Begin with the first line below and retype each line exactly through the line containing "Кожа КРС, флотер, фактурная, с". Any pictures are to be left out.
[GIVEN INFORMATION Boundary: Start]
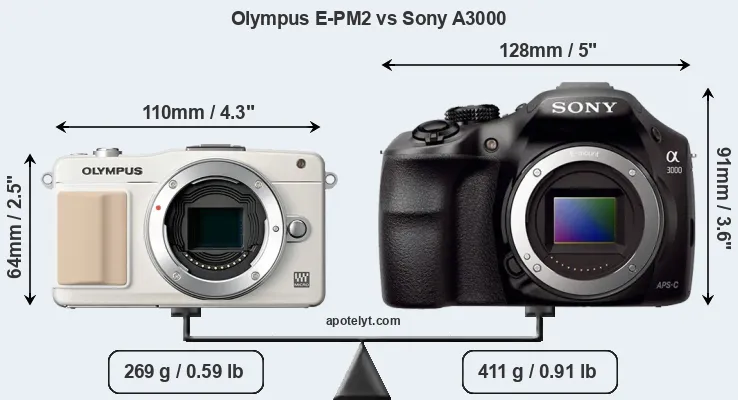 If the front view area (width x height) of the cameras is taken as an aggregate measure of their size, the Sony A3000 is considerably larger (65 percent) than the Olympus E-PM2. Moreover, the A3000 is substantially heavier (53 percent) than the E-PM2. In this context, it is worth noting that neither the E-PM2 nor the A3000 are weather-sealed.
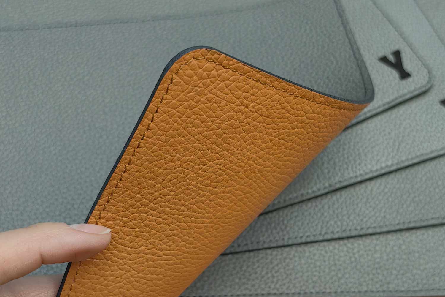 Кожа КРС, флотер, фактурная, с хорошим покрытием, устойчивая к внешним воздействиям. Прошитые края, обработанные и отполированные торцы.
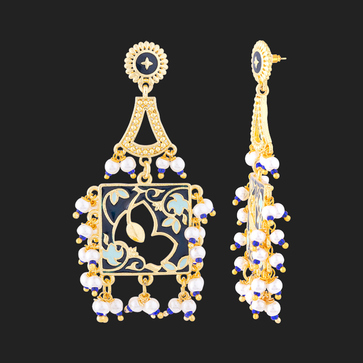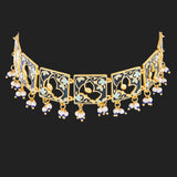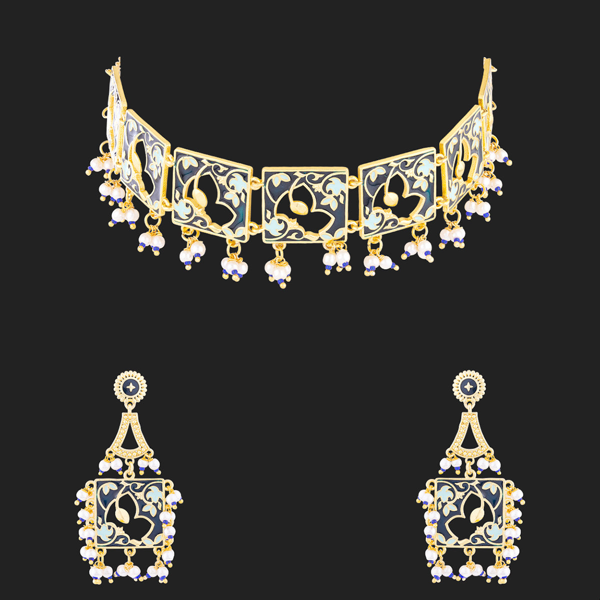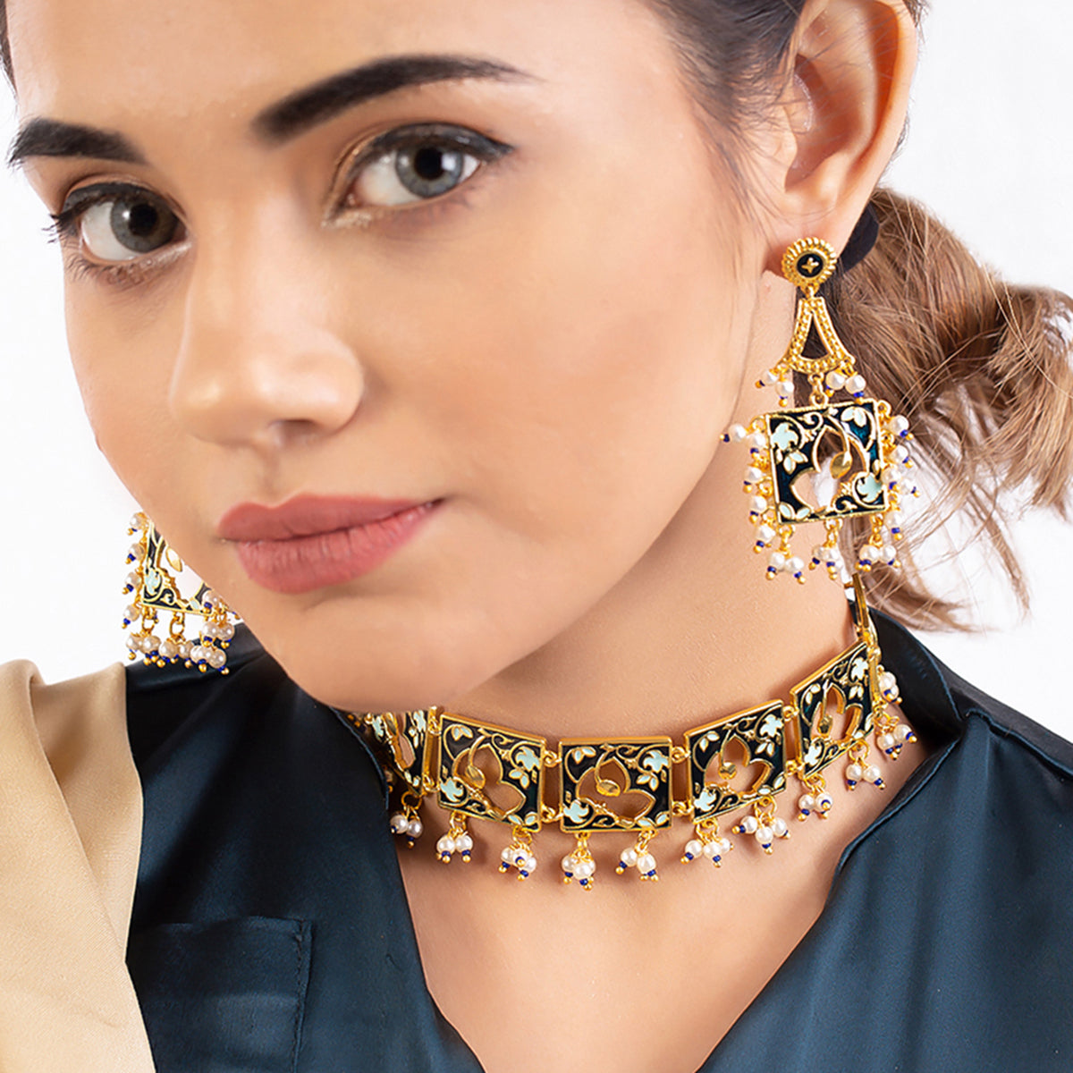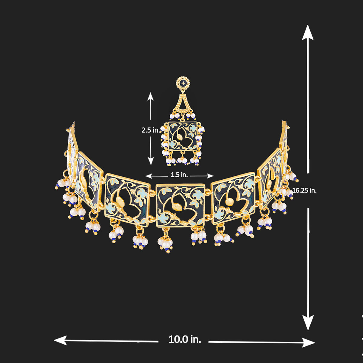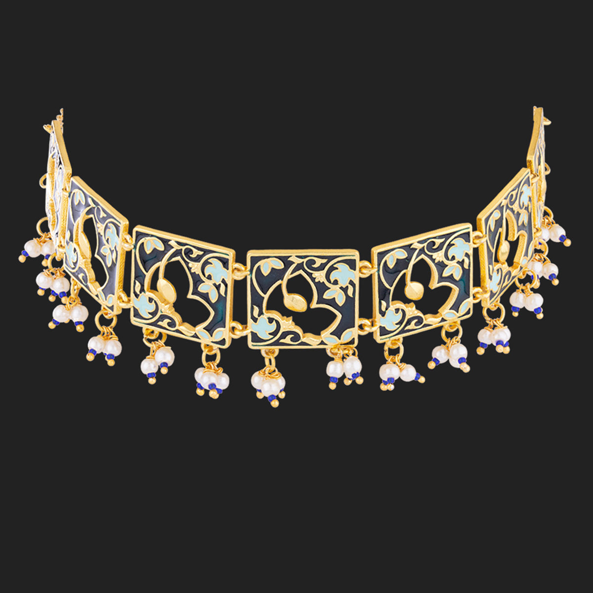 Inspired by Pichhwai, Rajasthan's traditional artform featuring flower and bird motifs, this floral necklace set has been fashioned out of brass. Enameled and faux pearls embellished, the set has been given a yellow gold plating. Pair it with formal Indian attire.
[GIVEN INFORMATION Boundary: End]
### REPLY
 If the front view area (width x height) of the cameras is taken as an aggregate measure of their size, the Sony A3000 is considerably larger (65 percent) than the Olympus E-PM2. Moreover, the A3000 is substantially heavier (53 percent) than the E-PM2. In this context, it is worth noting that neither the E-PM2 nor the A3000 are weather-sealed.
 Кожа КРС, флотер, фактурная, с хорошим покрытием, устойчивая к внешним воздействиям. Прошитые края, обработанные и отполированные торцы.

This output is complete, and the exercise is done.